7. When the statute requires recording of reasons, there is no scope for further enquiry and it has to be recorded. Where requirement of recording reasons has been dispensed with expressly or by necessary implication, it may not be recorded by administrative authority. But even when the statute does not impose such an obligation, it is necessary for a quasi-judicial authority to record reasons, as it is the only visible safeguard against public injustice or arbitrariness, when the civil consequences of administrative action are grave and its effect is highly prejudicial to the interest and right of the parties, there is more a reason to record reason while passing an order. The reasons are the links between the material on which certain conclusions are based and the actual conclusion. They disclose how the mind is applied to the subject matter for arriving at a decision. Only by this way, it can be demonstrated that the decision arrived at is manifestly just and reasonable. This is the most valuable safeguard against any arbitrary exercise of power by adjudicating authority. When the order entails serious consequences of debarring a person to contest election, there is more a reason that order of the administrative authority is speaking order whereby Court can satisfy itself that order is passed after considering all the relevant facts. When the authority has not at all given any reason, this Court is at liberty to come to the conclusion that the authority had no good reason of reaching to the conclusion it had arrived at.

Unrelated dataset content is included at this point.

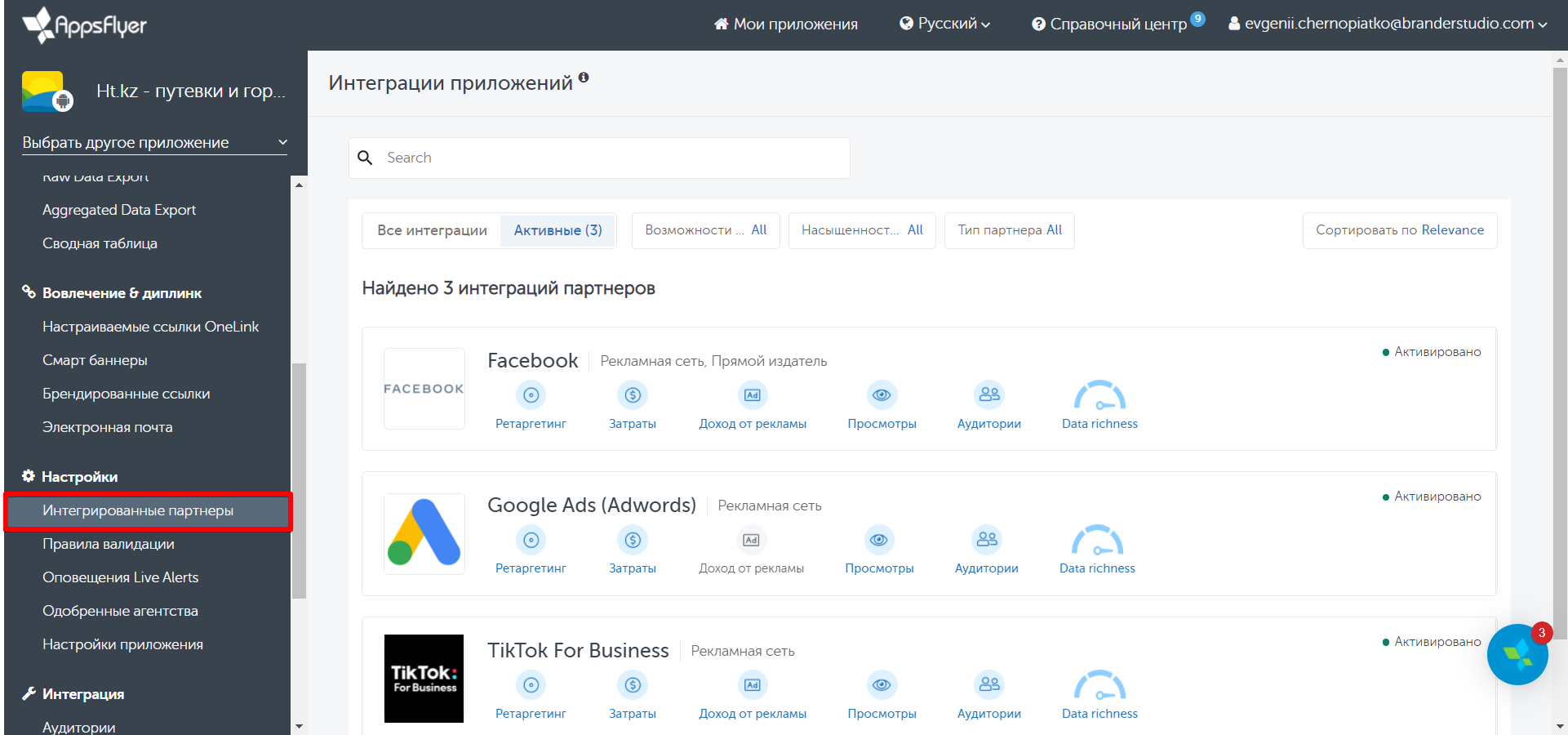 - Заходимо в кабінет AppsFlyer, де підключений ваш застосунок і заходимо в Інтегровані партнери. Обов’язково враховуйте, що для платформи Android та IOS різні налаштування інтеграції. Тому перед підключенням переконайтеся, що вибрали саме Android.

8. In the present case, the petitioner has filed his reply raising therein various questions that he was not liable for any adverse finding being recorded under the provisions of R. 22 of the Rules of 1961. The reading of the entire order passed by the State Govt. does not show that any of the points raised by the petitioner, was considered. A stereo typed order has been passed, which does not indicate the application of the mind by the authority to the facts of the case before the order was passed.
9. For the reasons stated above, I am of the view that the petitioner was not afforded reasonable opportunity to defend himself and that the order does not indicate application of mind by the authority before passing an order under Rule 22 of the Rules of 1961. The order impugned dated 19.8.88 does not stand the test of law and thus, is set aside. The petition is allowed. In the circumstances of the case, there shall be no order as to costs.